Knowledge Distillation for Image Restoration : Simultaneous Learning from Degraded and Clean Images
Yongheng Zhang, Danfeng Yan
TL;DR
The paper tackles the challenge of compressing image restoration models without sacrificing performance. It introduces Simultaneous Learning Knowledge Distillation (SLKD), a dual-teacher, single-student framework with Degradation Removal Learning (DRL) and Image Reconstruction Learning (IRL), guided by BRISQUE- and PIQE-based feature extractors and a Scale Conversion Module to learn from both degraded and clean inputs. Key contributions include a novel dual-teacher distillation scheme, feature-level losses L_NC and L_ET, and a joint image/pixel/ KL objective that yields substantial reductions in FLOPs and parameters (over 80%) while maintaining strong restoration performance across five datasets and three tasks (deraining, deblurring, denoising). Ablation studies validate the necessity of DRL, IRL, and the two feature-level losses. The approach enables efficient deployment of high-quality image restoration on resource-constrained platforms, offering a practical path for compact yet capable restoration models.
Abstract
Model compression through knowledge distillation has seen extensive application in classification and segmentation tasks. However, its potential in image-to-image translation, particularly in image restoration, remains underexplored. To address this gap, we propose a Simultaneous Learning Knowledge Distillation (SLKD) framework tailored for model compression in image restoration tasks.

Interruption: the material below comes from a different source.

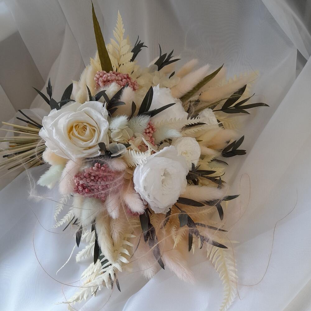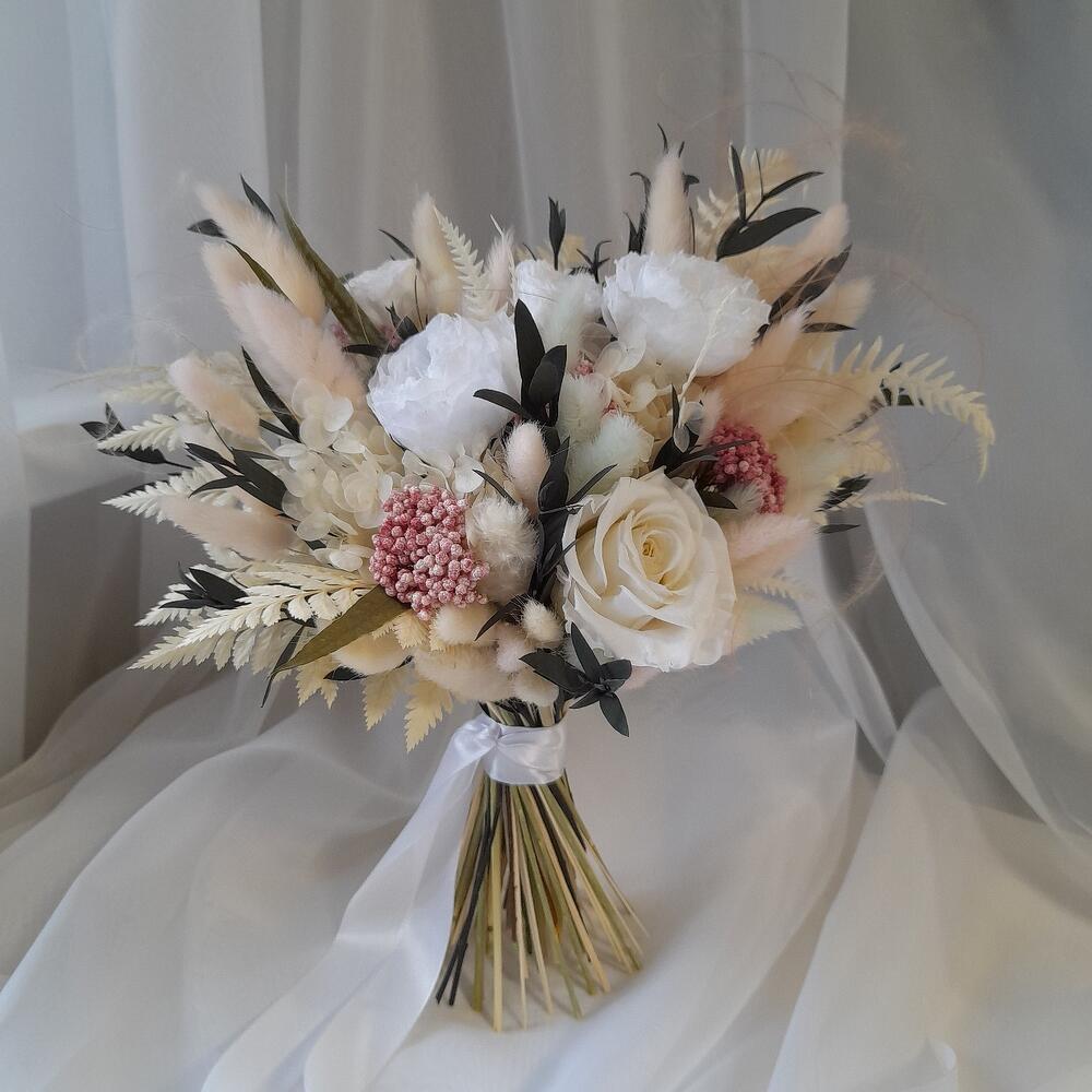 Buchet mireasa nemuritor din trandafiri criogenati, mini rosa, plante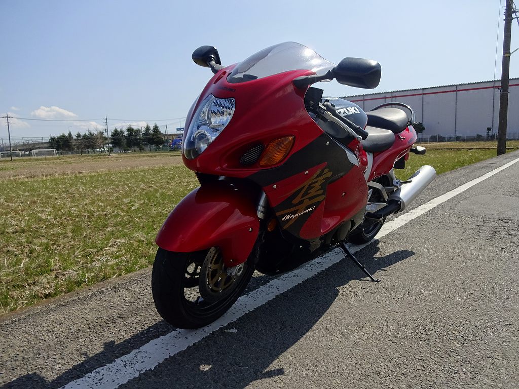 「世界最高速マシン」や「アルティメットスポーツ」等との物騒な呼び名だらけの最速マシン、スズキ・GSX1300Rハヤブサが入庫しました!詳細データは後日当店のホームページに掲載されますのでそちらからご確認下さい。もう説明するまでもありませんが、1999年に発売されると同時に大ブームとなり世界中で愛され続けた名車です。実測で300km/hを大幅に超える312km/hと言う記録を叩き出すと言うとんでもないマシンです。発売当時にそれまで最速と言われていたホンダ・CBR1100XXスーパーブラックバードやカワサキ・ZZ-R1100等と比較テストが行われましたが、ハヤブサの圧勝だったそうです。今回の固体は逆輸入車のフルパワーモデルで、希少な300km/hリミッターが装備される前の1999年式となります。もちろんスピードメーターもフルスケールで、最高速度は340km/hまでしっかりと刻まれています。余談ですが、私はまったく同じモデル(ボディカラーまで同じ。)を10年前に所有していた事があります。当時はまだ大型バイクの免許を取ったばかりだったので、ハヤブサのスゴさに圧倒されっぱなしで全然楽しめなかった記憶があります。今回、チェック走行で1時間くらい乗ったのですが「こんなに良いバイクだったんだ・・・」と改めて魅力を実感しました。今回は「売れなきゃスタッフの誰かが欲しがるから、別に売れなくてもかまわない。」と言う当店のコンセプトの、「スタッフの誰か。」が思い切り私です。車検も残っていますし、ツーリングや機関維持走行が今から楽しみです!

SLKD employs a dual-teacher, single-student architecture with two distinct learning strategies: Degradation Removal Learning (DRL) and Image Reconstruction Learning (IRL), simultaneously. In DRL, the student encoder learns from Teacher A to focus on removing degradation factors, guided by a novel BRISQUE extractor. In IRL, the student decoder learns from Teacher B to reconstruct clean images, with the assistance of a proposed PIQE extractor. These strategies enable the student to learn from degraded and clean images simultaneously, ensuring high-quality compression of image restoration models. Experimental results across five datasets and three tasks demonstrate that SLKD achieves substantial reductions in FLOPs and parameters, exceeding 80\%, while maintaining strong image restoration performance.